Author Archive for Ombudspotent

Complaints, Complaints, Complaints

This particular ombudsparticular has been flooded with complaints about the scarcity of one Pinko Punko, someone known as “UC”, and a rogue bird, to which I respond, am I 3B’s keeper? I think not. I’m here to listen to your complaints and then to tell you, they don’t matter. Suck on that whiners.

It is apparent that a mere spam comment can amuse you for hours on end (thank you zmurringo, and no, I do not need help in unlocking my phone). Why must a bull actually be in house? Are you that insecure? Carry on!

What I do need help with are the endless complaints, the endless whinery, the whimpery of the masses or half-massed. Feel free to chime in any other ombudslackers! Yes, this obmudsperson is complaining. If an ombudsperson complains, does anyone hear it? What is the sound of one ombudsperson complaining? Hmm?

Great, it appears Pinko has donned his chiding pants and now we are all being taken to task.

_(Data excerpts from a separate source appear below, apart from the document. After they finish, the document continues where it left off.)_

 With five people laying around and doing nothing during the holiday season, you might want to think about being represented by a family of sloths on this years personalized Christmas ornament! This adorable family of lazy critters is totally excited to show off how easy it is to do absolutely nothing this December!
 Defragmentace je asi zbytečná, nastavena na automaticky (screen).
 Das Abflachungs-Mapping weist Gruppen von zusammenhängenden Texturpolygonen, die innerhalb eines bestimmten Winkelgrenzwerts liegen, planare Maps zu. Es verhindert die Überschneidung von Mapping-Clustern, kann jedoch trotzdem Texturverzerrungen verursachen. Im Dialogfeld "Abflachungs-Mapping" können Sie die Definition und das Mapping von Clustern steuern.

Absolute Power Has Corrupted 3B’s

It has come to our attention that the new, temporary omnipantedbudsgloobperson has let the half-assed power bestowed by MenD, go to his/her head.

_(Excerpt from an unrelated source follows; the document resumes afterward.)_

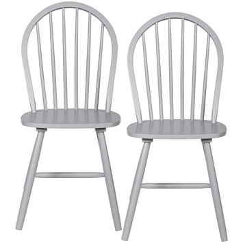 De WOOOD eetkamerstoel Spencer 2 stuks is prima geschikt om gezellig te tafelen met het hele gezin, borrelen met wat vrienden of rustig alleen werken of studeren. Door zijn stoere design is de stoel Spencer ook wanneer deze niet wordt gebruikt, mooi om te zien. En hip is de stoel Spencer zeker, mede dankzij de spijlen in de rugleuning. De stoelen zijn gemaakt van rubberhout en grijs gespoten. De stoelen worden geleverd in een set van 2 stuks en het enige dat je moet monteren zijn de poten. Deze stoelen zijn prima te combineren met de massief eiken tafels Largo die in diverse afmetingen verkrijgbaar zijn en de ronde massief eiken tafel Rhonda met een doorsnede van 129 cm.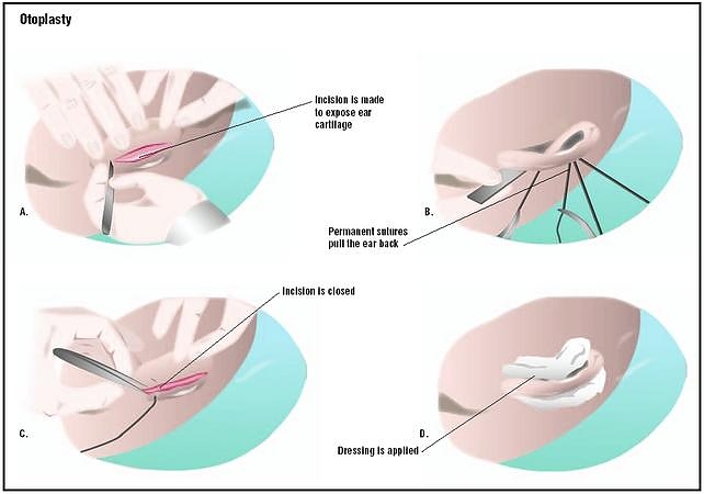 Zákrok se provádí v lokální nebo celkové anestezii. Pomocí řezu vedeného v záhybu ušního boltce je odstraněn přebytek kůže a vytnuta část chrupavky ze zadní strany ucha. V případě potřeby je možné provést i modelaci chrupavky. Uši jsou obvázány elastickou bandáží, dočasně se objevují otoky a bolest uší. Doporučuje se klidový režim.

We would like to step in at this moment as the new voice of ombudsreason and suggest an intervention. We will be fielding complaints about blatant grab for power and will also be restoring power (half-assed, of course) to the banned.

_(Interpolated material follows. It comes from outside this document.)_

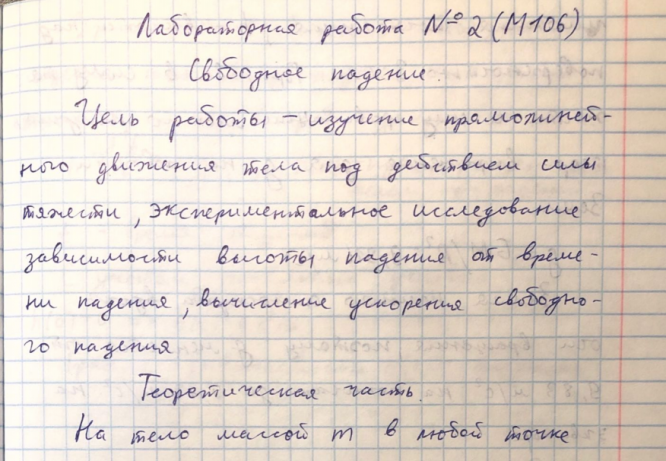 Лабораторная работа М: Свободное падение вариант 106

All power at 3B’s is always supposed to remain at the half-assed setting. This pegging of the power needle to the *full-assed power grab* location is unacceptable will not be tolerated.

Please leave your complaints, suggestions, and recipes regarding the new and even more temporary ombudsglooobpanted person below.

We apologize and want you to know, we take your suggestions seriously.